**Instructions for the task:** Everything from the "The house is" line to the final line of the listing should be written out exactly. Skip the pictures.

**Given material:**

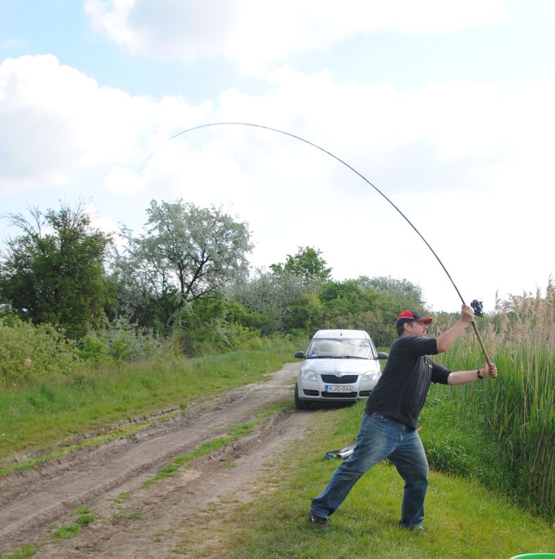 Okos halak vannak itt, bokor alól ki, nyíl egyenesen megcélozni a nádfal sarkát és be a nádszálak közzé! Na ne, kifelé innen, pont jó bot van nálam a Mikado Ultraviolet képes rá, az olyan bot és igazam is van, magam elé húzom és szákolom… Ez nagy csata volt izmos pikkelyes ponty a kezemben.
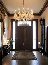 The house is two-stories and built on a T-shaped plan. The architecture is in the Greek Revival style with tall, spindly columns that are derivative of the Doric order around a three-sided veranda. The bracketed cornice indicates some Italianate influence, a fusion of stylistic elements that some have dubbed a "bracketed Greek Revival".[5] It contains fourteen rooms, with seven of those being bedrooms. The ground floor features 15-foot (4.6 m) ceilings.[6]
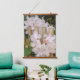 Decorate a living space with this vertical, hanging wall tapestry with wooden tops that features a photographic image of pretty, white Rhododendron blooms against a bamboo fence. A lovely, floral design!

**Answer for the task:**
 The house is two-stories and built on a T-shaped plan. The architecture is in the Greek Revival style with tall, spindly columns that are derivative of the Doric order around a three-sided veranda. The bracketed cornice indicates some Italianate influence, a fusion of stylistic elements that some have dubbed a "bracketed Greek Revival".[5] It contains fourteen rooms, with seven of those being bedrooms. The ground floor features 15-foot (4.6 m) ceilings.[6]
 Decorate a living space with this vertical, hanging wall tapestry with wooden tops that features a photographic image of pretty, white Rhododendron blooms against a bamboo fence. A lovely, floral design!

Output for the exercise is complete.